Want to run this workflow?

Fully operational workflows
No missing nodes or models
No manual setups required
Features stunning visuals

Ideogram 4 ComfyUI workflow Examples

ideogram-4-comfyui-workflow-structured-text-to-image-generator-1443-example_01.webp

ideogram-4-comfyui-workflow-structured-text-to-image-generator-1443-example_02.webp

ideogram-4-comfyui-workflow-structured-text-to-image-generator-1443-example_03.webp

ideogram-4-comfyui-workflow-structured-text-to-image-generator-1443-example_04.webp

ideogram-4-comfyui-workflow-structured-text-to-image-generator-1443-example_05.webp

ideogram-4-comfyui-workflow-structured-text-to-image-generator-1443-example_06.webp

Ideogram 4 ComfyUI workflow: structured text-to-image with precise layout and typography#

This Ideogram 4 ComfyUI workflow is a compact, RunComfy-ready template for Ideogram 4.0, an open-weight, non-commercially licensed text-to-image model built for design, layout control, and reliable in‑image text. It turns structured JSON captions into images with scene summaries, style blocks, normalized bounding boxes, and hex color palettes, making it ideal for posters, brand comps, typography‑heavy graphics, and layout‑aware illustration.

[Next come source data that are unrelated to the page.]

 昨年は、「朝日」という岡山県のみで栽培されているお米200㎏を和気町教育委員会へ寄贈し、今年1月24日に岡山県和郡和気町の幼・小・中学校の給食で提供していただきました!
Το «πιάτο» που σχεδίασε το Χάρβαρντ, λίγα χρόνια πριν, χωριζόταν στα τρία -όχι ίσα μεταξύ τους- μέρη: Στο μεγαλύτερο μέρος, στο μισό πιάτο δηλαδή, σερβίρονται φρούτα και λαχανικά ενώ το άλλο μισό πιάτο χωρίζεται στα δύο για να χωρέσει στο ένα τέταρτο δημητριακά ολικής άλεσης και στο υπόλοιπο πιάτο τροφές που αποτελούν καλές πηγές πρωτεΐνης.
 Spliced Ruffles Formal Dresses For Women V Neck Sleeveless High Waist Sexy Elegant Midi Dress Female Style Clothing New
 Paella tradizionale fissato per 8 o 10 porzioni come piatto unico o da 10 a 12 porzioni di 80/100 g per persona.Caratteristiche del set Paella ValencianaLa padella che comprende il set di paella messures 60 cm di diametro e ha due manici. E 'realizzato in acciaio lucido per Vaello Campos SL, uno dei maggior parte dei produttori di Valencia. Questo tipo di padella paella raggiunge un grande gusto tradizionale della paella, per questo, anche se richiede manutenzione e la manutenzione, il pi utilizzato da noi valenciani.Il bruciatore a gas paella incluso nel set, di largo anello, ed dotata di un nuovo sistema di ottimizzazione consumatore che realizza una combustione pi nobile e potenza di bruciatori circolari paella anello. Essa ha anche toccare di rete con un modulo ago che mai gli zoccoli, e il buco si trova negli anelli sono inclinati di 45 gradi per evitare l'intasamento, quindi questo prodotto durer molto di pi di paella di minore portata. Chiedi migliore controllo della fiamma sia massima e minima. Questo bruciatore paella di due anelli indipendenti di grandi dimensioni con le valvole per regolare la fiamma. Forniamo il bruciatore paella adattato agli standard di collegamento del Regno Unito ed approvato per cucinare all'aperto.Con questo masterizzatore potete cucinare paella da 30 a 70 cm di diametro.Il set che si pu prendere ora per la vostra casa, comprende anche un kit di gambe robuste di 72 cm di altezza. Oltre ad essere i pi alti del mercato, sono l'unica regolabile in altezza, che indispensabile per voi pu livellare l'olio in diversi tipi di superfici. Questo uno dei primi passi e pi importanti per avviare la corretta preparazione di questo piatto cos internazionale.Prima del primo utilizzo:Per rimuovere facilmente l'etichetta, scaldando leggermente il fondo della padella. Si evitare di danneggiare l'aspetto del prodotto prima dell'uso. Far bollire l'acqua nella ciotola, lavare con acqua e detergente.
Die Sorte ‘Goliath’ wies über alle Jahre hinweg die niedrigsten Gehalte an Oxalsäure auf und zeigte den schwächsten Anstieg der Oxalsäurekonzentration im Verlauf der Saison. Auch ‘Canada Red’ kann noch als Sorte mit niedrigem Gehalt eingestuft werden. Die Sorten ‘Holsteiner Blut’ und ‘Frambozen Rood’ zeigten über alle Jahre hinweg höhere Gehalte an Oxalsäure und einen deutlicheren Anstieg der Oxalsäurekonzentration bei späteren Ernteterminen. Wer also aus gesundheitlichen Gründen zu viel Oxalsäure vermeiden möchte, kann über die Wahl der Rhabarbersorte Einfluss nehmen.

The graph delivers a clean, single‑path text‑to‑image pipeline plus an optional on‑graph JSON prompt builder. If you already write JSON prompts, paste them and render immediately; if you prefer to start from a short idea, the LLM helper can draft a schema‑correct caption you can preview and paste into the generator. Under the hood, the workflow follows Ideogram 4’s flow‑matching DiT sampling with asymmetric classifier‑free guidance.

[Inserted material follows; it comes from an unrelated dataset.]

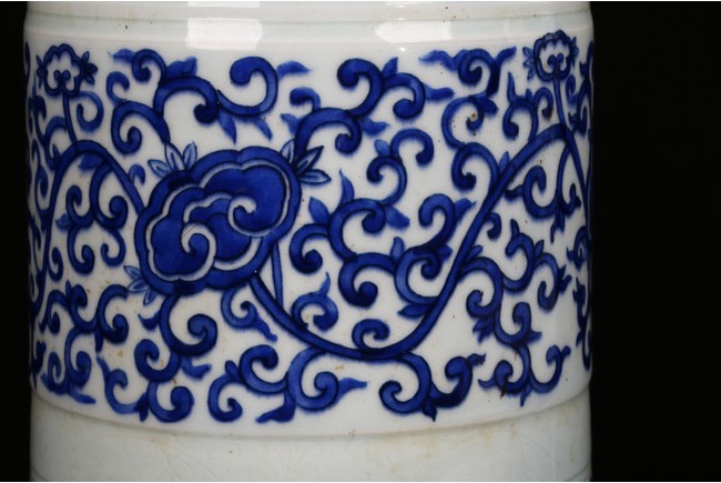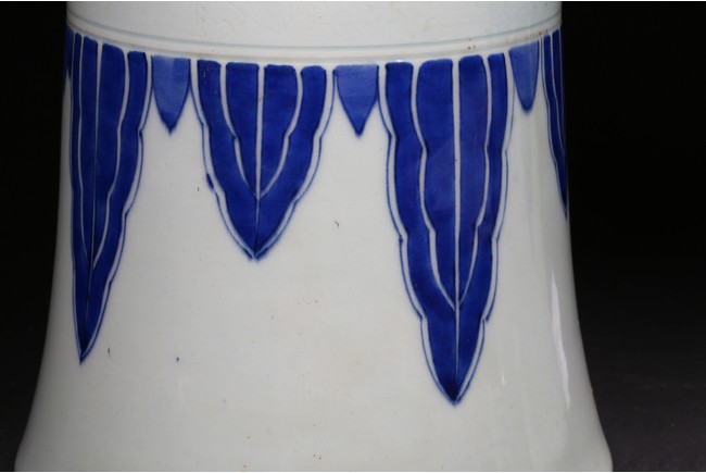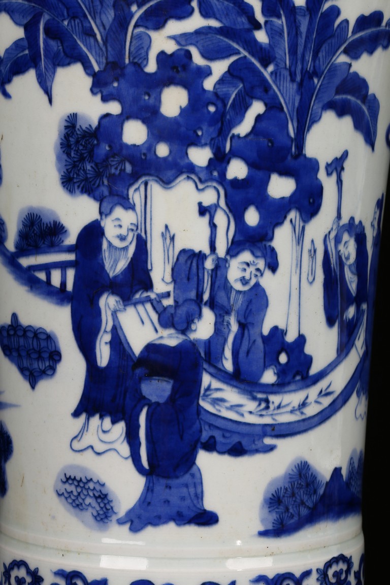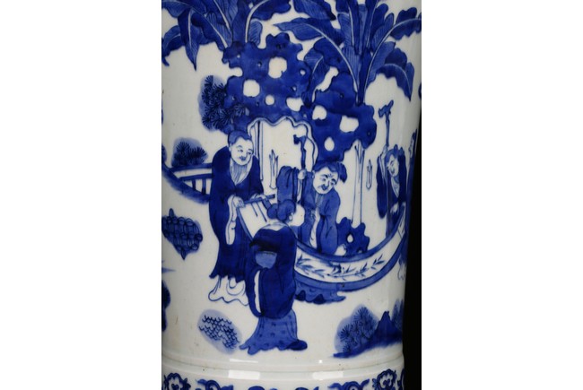 Each of flared rim, the top main part fainly painted group of elder officials appreciating a flower painting under tall trees in a garden setting, the middle section decorated with band of meandering lotus and auspicious ruyi emblems, the bottom section with band of floral lappets. Qing Dynasty period.

Key models in Comfyui Ideogram 4 ComfyUI workflow#

Ideogram 4 (FP8). The 9.3B‑parameter Diffusion Transformer trained with flow matching, designed for JSON‑guided generation, strong text rendering, and explicit layout control. Official model card: ideogram-ai/ideogram-4-fp8. Inference code: ideogram-oss/ideogram4.
Ideogram 4 Unconditional branch. A paired unconditional checkpoint used for asymmetric classifier‑free guidance during sampling; packaged for ComfyUI alongside the main model: Comfy-Org/Ideogram-4.
Qwen3‑VL‑8B‑Instruct (FP8). A vision‑language encoder used as the text encoder, providing multi‑scale semantic features from the prompt: Qwen/Qwen3-VL-8B-Instruct-FP8 (ComfyUI repack: Comfy-Org/Qwen3-VL).
FLUX.2 VAE. The decoder used to turn sampled latents into final images, packaged for ComfyUI: Comfy-Org/flux2-dev.

How to use Comfyui Ideogram 4 ComfyUI workflow#

Overall logic: choose a canvas, provide a prompt (ideally structured JSON), pick a sampler preset (Default, Quality, Turbo), then render. The main “Text to Image (Ideogram v4)” subgraph performs encoding, guidance, sampling, and decoding in one pass; an optional “LLM Prompt Builder” group can draft JSON for you.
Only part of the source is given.